Three things to notice:

  • The if num_kv_heads is None: num_kv_heads = num_heads line is the backward-compat hinge: every existing call site that does not pass num_kv_heads still gets full MHA.
  • The if self.kv_repeat > 1 guard around repeat_interleave is a small efficiency: when num_kv_heads == num_heads, kv_repeat == 1 and the repeat would be a no-op. Skipping the call also keeps the default code path bit-identical to Ch.25’s, which we will verify in §26.8.
  • RoPE is applied to K before the repeat. That is mathematically equivalent to rotating after (rotation is a per-position operation; copying the rotated row does the same thing as rotating each copy) and is cheaper, since we only rotate the smaller (B, num_kv_heads, T, head_dim) tensor.

Now thread num_kv_heads through the two callers above MultiHeadAttention.

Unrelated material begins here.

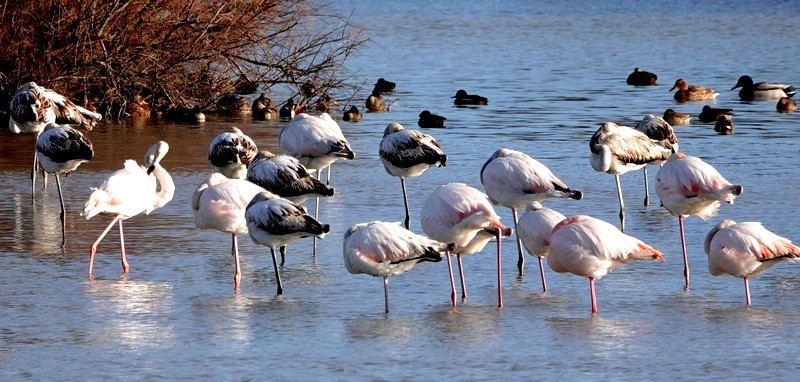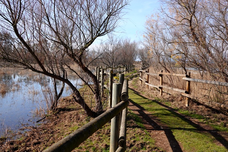 Le sentier longe l’Estany del Cortalet, et rapidement, on effectue un premier arrêt à l’observatoire Gantes. De cette cabane, on bénéficie d’une très belle vue sur l’étang, peuplé principalement de flamants roses, hérons cendrés, grands cormorans et canards colverts.

📄 src/mygpt/__init__.py — replace the existing TransformerBlock class with this version:

class TransformerBlock(nn.Module):
    def __init__(
        self,
        embed_dim,
        num_heads,
        max_seq_len=64,
        dropout=0.0,
        norm_type="layer",
        position_type="learned",
        num_kv_heads=None,
    ):
        super().__init__()
        self.embed_dim = embed_dim
        self.num_heads = num_heads
        self.num_kv_heads = num_kv_heads if num_kv_heads is not None else num_heads
        self.norm_type = norm_type
        self.position_type = position_type
        self.ln1 = _make_norm(embed_dim, norm_type)
        self.mha = MultiHeadAttention(
            embed_dim, num_heads, max_seq_len, dropout,
            position_type=position_type, num_kv_heads=self.num_kv_heads,
        )
        self.ln2 = _make_norm(embed_dim, norm_type)
        self.mlp = MLP(embed_dim, dropout)

    def forward(self, x):
        x = x + self.mha(self.ln1(x))
        x = x + self.mlp(self.ln2(x))
        return x

📄 src/mygpt/__init__.py — replace the existing GPT.__init__ (the forward is unchanged) with this version. The simplest way is to replace the whole class definition; copy the forward from Ch.25 unchanged:

class GPT(nn.Module):
    """Full GPT-2-style decoder-only transformer with weight-tied head."""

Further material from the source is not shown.